I also have fourth graders who can't write their first and last names. It's really scary to think a kid can get to fourth grade without anyone raising an alarm about their inability to write their full name. I've been teaching high school English for only seven years now, and the post-COVID lockdown emotional landscape is rough. Students are using AI to think for them, write for them, and summarize any readings for them that are longer than a paragraph.

We've put technology in every classroom, but kids don't understand how to use it. Now, isn't that interesting? Doesn't that seem to fly in the face of, oh, the kids love the tech. They love a device that has no literal inputs and they can thwack on it like a vending machine, but they don't understand the technology of it. It's the same thing I've worried about with. With the parents. I was the one setting and programming the VCR and doing all the tech stuff back in the house.

They jumped over 25 years of tech to now have 21st century Star Trek devices in their hands. So I would argue, again, a lot of this is a bit of equal blame to share on both sides, the adults and the kids. I just retired after spending decades teaching an intro course at the university. The reason? Cheating is the norm and accepted. Critical thinking is out the door and the use of chat GPT is the only way students answer questions or write something.

Kids can't tie their shoes anymore, not even the fifth graders. More and more we're seeing kids lacking basic skills and teachers having to teach a class of 25 plus kids all at different levels. There's no way to do that well and the kids just move on to the next grade even though they're far from ready. It's effed.

I retired last year because the battle was bigger than me kids refused to think for themselves and parents expected me to give grades for ai work i guess what bothered me most was that they had no desire to learn and they had no shame for being, unlearned so there were only 25 comments at first now there's 35 more which is how much james, oh oh god don't put me on the spot um uh wait let me get my digital calculator uh 20 yeah or Just ask the browser. I know, I know. Low battery.

Yeah, yeah. Okay, so you say that there's blame to go around, and I agree on that point, but I don't put the blame on the kids. Human beings are not fundamentally stupider or lazier than they have ever been throughout all of human history. And maybe they've always been stupid and lazy to some extent, but anyway, it's not that human beings are fundamentally genetically changing

at the genomic level, at least not quite yet. But, Um, yes, there is blame for what is happening with the degradation of basic life skills. And let's approach it from this way. People have heard, I hope people have heard of the Flynn effect, which is this long documented phenomenon of standardized IQ scores tending to go up generate decade after decade after decade after decade in an unbroken chain. It's, it's people are getting smarter. Well, I guess that's one possible explanation for that.

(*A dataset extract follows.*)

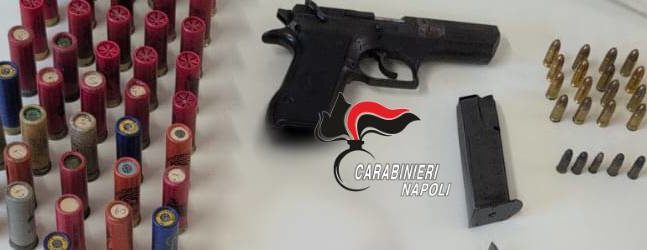 I militari trovano una pistola automatica calibro 9×21 perfettamente funzionante e ben 75 proiettili di diverso calibro (19 colpi px19, 51 colpi calibro16, 3 colpi con calibro da accertare e 2 colpi cal. 32 s&w).
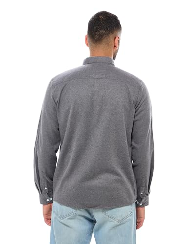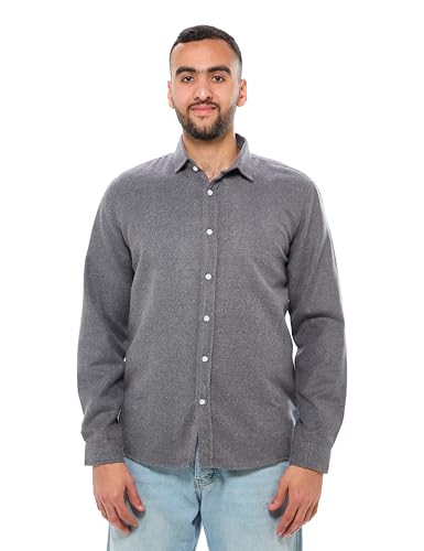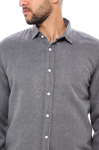 Ravin - قميص قطن بأكمام طويلة وأزرار أمامية للرجال من ريفين- رمادي غامق بتصميم حديث

But then we have the reverse Flynn effect, which has kicked in arguably in the developed world since the 1990s as the standardized IQ scores start leveling off and even declining. So what is going on? People were getting smarter and smarter every decade, and now suddenly they're getting dumber and dumber every decade. No, we can take this if you want it from the hoity-toity science types.

Flynn effect and its reversal are both environmentally caused, which was an article that was posted up a few years ago, which talks about this reverse Flynn effect. And it goes on to say, this establishes that the large changes in average cohort intelligence reflect environmental factors and not changing composition of parents, which in turn rolls out several prominent hypotheses for retrograde Flynn effects.

So in other words, please do go read through the article. But yes, no, it's not that people are getting fundamentally smarter or stupider. It's that environmental causes and inputs are the determinative factors in how we express ourselves as human beings, which should be obvious.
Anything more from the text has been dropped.